Algunos dicen que el guiso recalentado es más rico. En fin. El caso de Henry Miller es raro porque no soy el único que se considera fan de su exquisito manejo del lenguaje, pero que, exceptuando Trópico de Cáncer, no terminó casi ninguno de sus libros: todos son más o menos iguales. ¿Se puede conocer a un escritor sin haber terminado varios de sus libros? Yo creo que sí, aunque tampoco estoy tan seguro y verdaderamente me interesa muy poco. Durante mucho tiempo pensé que dejar una novela por la mitad era un delito moral. Ahora creo que hay cosas más graves.  Es que Miller se parece a los jugadores líricos que trafican potrero en los grandes Estadios. Tanta gambeta, caño, sombrero y taco al principio crean una adicción incontrolable y a las 100 páginas empalagan. Lo bueno de eso es que uno puede leer dos o tres libros suyos al mismo tiempo y no sentir la menor dificultad. Además es muy simple retomar sus novelas, haga una semana o dos años que la dejaste en la página 125. ¿Qué importa en la obra de Miller si la "historia" transcurre en París, Grecia o Estados Unidos, si los personajes se llaman Hymie o Filmore? El tipo siempre habla de lo mismo, de una forma categórica y te hace creer que es necesario.

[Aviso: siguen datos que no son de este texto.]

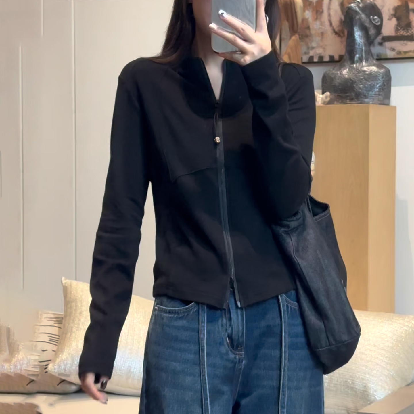 秋冬新款 开衫 修身 收腰上衣早秋穿搭美式 短款 灰色连帽卫衣外套女款

El monólogo interior, los personajes indefinidos, la ruptura con la linealidad comienzo-nudo-desenlace. La vanguardia es así. Joyce y Virginia Woolf escriben cuando la novela clásica agotó todos sus recursos y la única opción posible es su destrucción. Con aquellos experimentos tan cercanos en el tiempo, que casi acaban con el stock de creación literaria, a Miller no le queda otra que la aventura del hombre. De la misma forma que declamaba Whitman, quien lee Trópico de Cáncer no toca un libro sino a un hombre. La diferencia es que las de Miller son Hojas de Mierda. La unión cósmica de Whitman se convierte en el aislamiento cósmico. Sí, somos seres humanos iguales, inseparables, enlazados, vinculados, comunicados, en Groenlandia y en Tierra del Fuego, pero porque todos estamos absolutamente solos. A diferencia de Arlt u Onetti, otros pesimistas lapidarios, la lectura de Miller produce un goce absoluto. El tipo tenía sexo con las palabras. Es una máquina de crear imágenes perfectas, analogías, estribillos, carcajadas, llantos, frases que en dos o tres líneas parecen sintetizar todo el devenir mundial. Uno disfruta leyendo a Miller aunque lo que esté diciendo sea terrible:

"Durante siete años anduve día y noche con una solo obsesión: ella. Si hubiera un cristiano tan fiel para con Dios como yo fui para con ella, hoy todos seríamos Jesucristos".  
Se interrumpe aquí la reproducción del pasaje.